A central tenet of classical information retrieval is that the user is driven by an information need. Schneiderman, Byrd, and Croft [SBC97] define information need as "the perceived need for information that leads to someone using an information retrieval system in the first place." But the intent behind a web search is often not informational -- it might be navigational (show me the url of the site I want to reach) or transactional (show me sites where I can perform a certain transaction, e.g., shop, download a file, or find a map). In fact as we show later, informational queries constitute less than 50% of web searches.
The main aim of this paper is to point out this difference and introduce and analyze a taxonomy of web searches. Secondly, we show how search engines evolved to deal with these web-specific needs.
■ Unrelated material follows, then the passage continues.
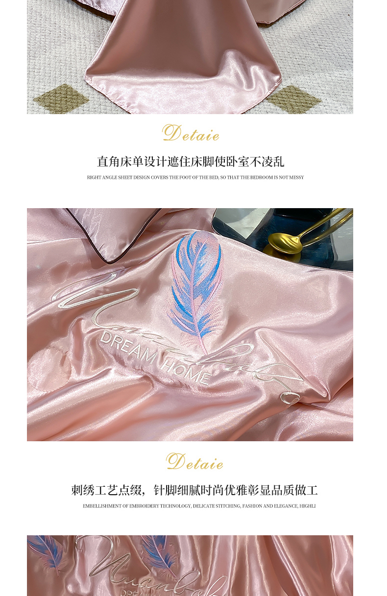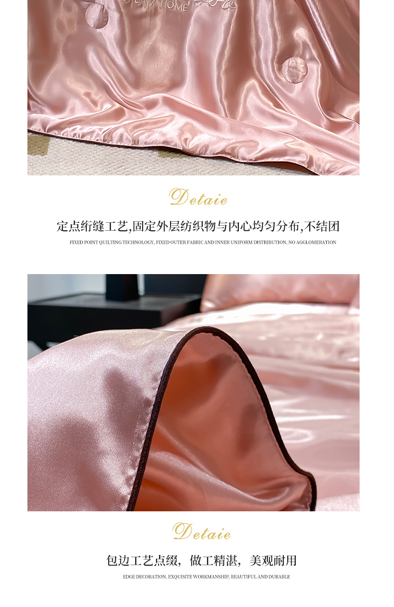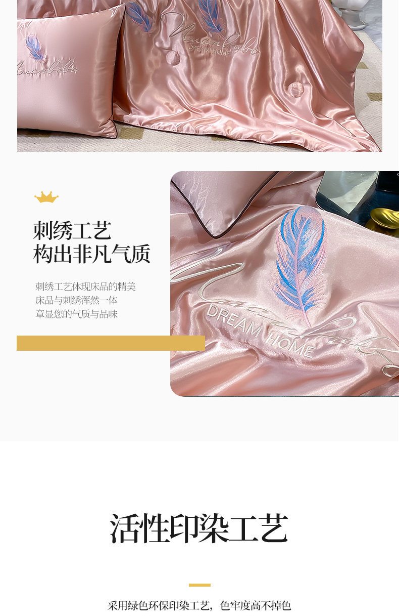 • 91家纺网 家纺一手货源 找家纺 啊雅家居 2025新款水洗真丝夏被空调被四件套 彩羽-珊瑚粉
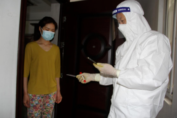 4月5日是核酸檢測(cè)的第一天,排隊(duì)檢測(cè)的居民特別多,“我年齡很大,腿腳不方便,我的核酸檢測(cè)該怎么辦?”“您別急,我們現(xiàn)在上門來為您做核酸檢測(cè)!”丁麗和“大白”醫(yī)護(hù)人員迎著炎熱在小區(qū)穿梭,登門為14位行動(dòng)不便的居民做檢測(cè)。忙完登門檢測(cè),丁麗又拿著擴(kuò)音喇叭和小伙伴一起“掃樓”,提醒居民應(yīng)檢盡檢,可怕的病毒和酷熱的天氣根本難不住凝聚的人心和無所畏懼的基層干部。

The remainder of the paper is organized as follows: in section 2 we discuss the classic model for information retrieval; section 3 introduces a taxonomy of web searches; section 4 presents some statistics extracted from AltaVista surveys and logs regarding the prevalence of various types of searches; section 5 analyzes the evolution of search engines in light of this taxonomy; section 6 discusses some related work; finally, section 7 draws certain conclusions and points to some further directions for research.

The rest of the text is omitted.